Царство Божие стяжается силою веры в том смысле, что вера делает человека способным войти в это Царство, она предельно напрягает мессианские ожидания, предельно поляризует зло и добро, наконец, вынуждает зло явиться в своих крайних формах, в последней силе и власти – власти антихриста. Дальше этого не может пойти духовно-творческая сила человека, но именно этот момент полного напряжения и полной исчерпанности тварных сил в противлении злу и есть для каждого момент Истины. Всякому человеку-творцу на вершинах духовных напряжений, в творческих экстазах, Бог является как Истина, как Свет Любви и благословение. В мир же Истина явится в Силе и Славе91. Правильнее даже было бы сказать так: Сила Любви Божией явится в мир во Славе. Любовь есть Истина, ибо Бог есть Любовь.

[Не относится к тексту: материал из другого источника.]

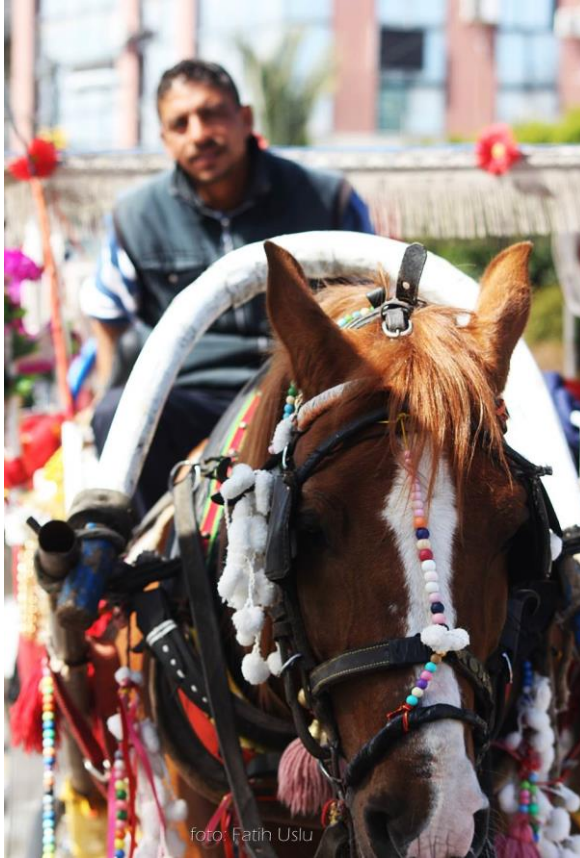
Kaleiçi'nin olmazsa olmazı faytonlar...

• Yeniden gelişim-yönelimli liberal politika-ekonomisi, endüstri sonrası şehirler planlama amaçlı kentsel yeniden canlandırma yaklaşımı (1960-1980 Dönemi).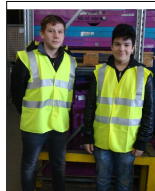
Sicherheit hat höchste Priorität

Vier Schüler bekamen eine Einweisung in eine Spritzgussmaschine und durften diese nach Anweisung bedienen und Kunststoffteile herstellen.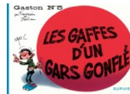
Les gaffes d'un gars gonflé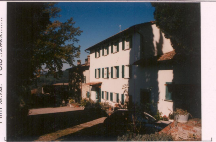
Film 679. Foto 15A.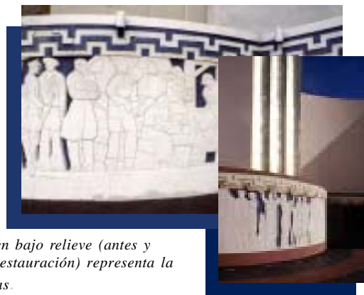
Torre labrada en bajo relieve (antes y después de la restauración) representa la historia de Texas.

(Patrocinado por el gobierno de la ciudad de Dallas y la Administración del Parque de la Feria, una División del Departamento de Parques y Recreación)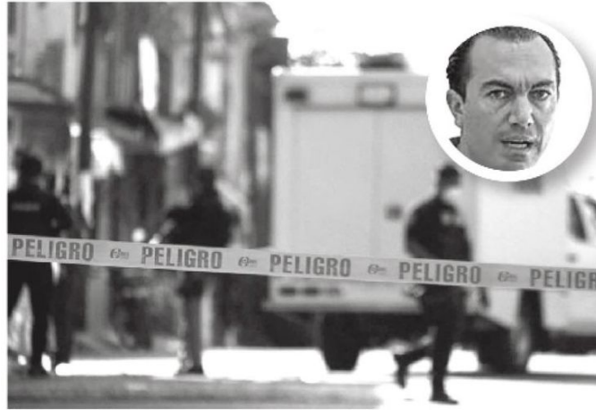
· Más del 120% en comparación al cierre del pasado gobierno

Бог-Любовь сделает то, чего человек без Бога сделать не в силах. Истина Любви победит зло.
Собственно же человеческая победа заключается в полном и последнем обнаружении зла, в том, что добро больше не оставит злу тайных ходов, прельстительных масок и лживых посулов. Зло вынуждено будет явиться нагим, в последних предсказанных ему формах, ибо злодейство злых достигнет самоубийственной силы, а дух непокоришихся праведников – невыносимого для зла свечения. Тогда зло проявится, как абсолютная земная власть, «окорачивая» саморазрушительное буйство злых, «упорядочивая» их в «разумном» царстве антихриста, гоня и преследуя непокорившихся праведников, как возмутителей порядка в «счастливом» царстве организованного зла. Мир сей, как уже было сказано, имеет не райскую, а адскую ориентацию, и власть антихриста будет последним обнаружением этой ориентации.

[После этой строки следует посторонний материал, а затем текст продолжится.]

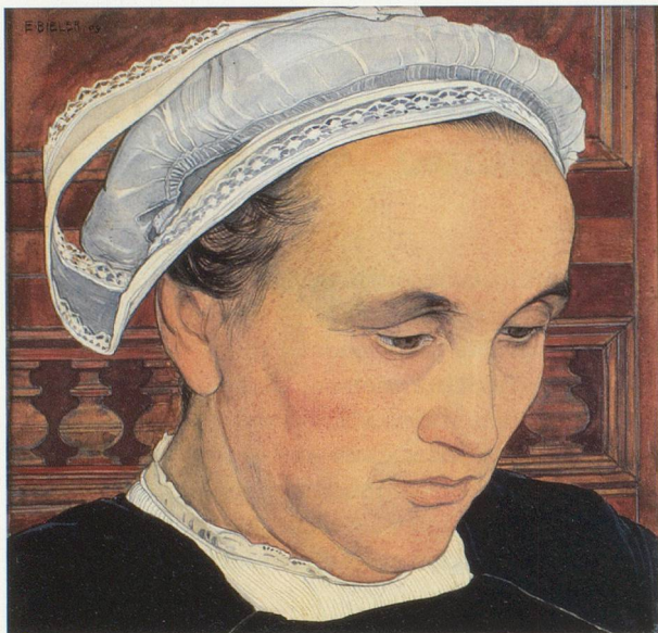
VALAISANNE AVEC COIFFE DE DENTELLES, 1909 Aquarelle et gouache sur papier, 25 x 25 cm Collection particulière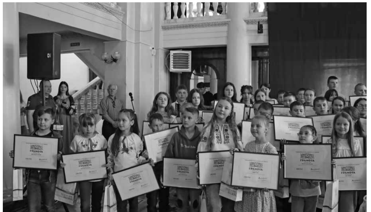
Всього грамоти від Головнокомандувача ЗСУ отримали 72 дитини з усієї області

Опісля, під гучні оплески, військові нагородили юних волон-

Духовная борьба – это борьба против любых форм серединного зла, борьба максималистическая. Только в духовной борьбе (не в экономической и не в социальной, даже не в национально-освободительной) достигается максимум противления, делающий невозможным сосуществование зла и добра. Все иные формы борьбы заключают в себе частицу эго, а потому допускают, а нередко и предполагают (и даже декларируют) в своих целях некоторые формы серединного зла. Только дух человеческий, дух Эроса, ищущий антиэгоистического дания бытию, не приемлет зла ни в каком виде. Победа духа человеческого не есть одоление зла, но есть момент полной его дезавуации, момент бескомпромиссного разоблачения всякого эгоизма, момент, когда зло уже не может дольше рядиться в одежды добра.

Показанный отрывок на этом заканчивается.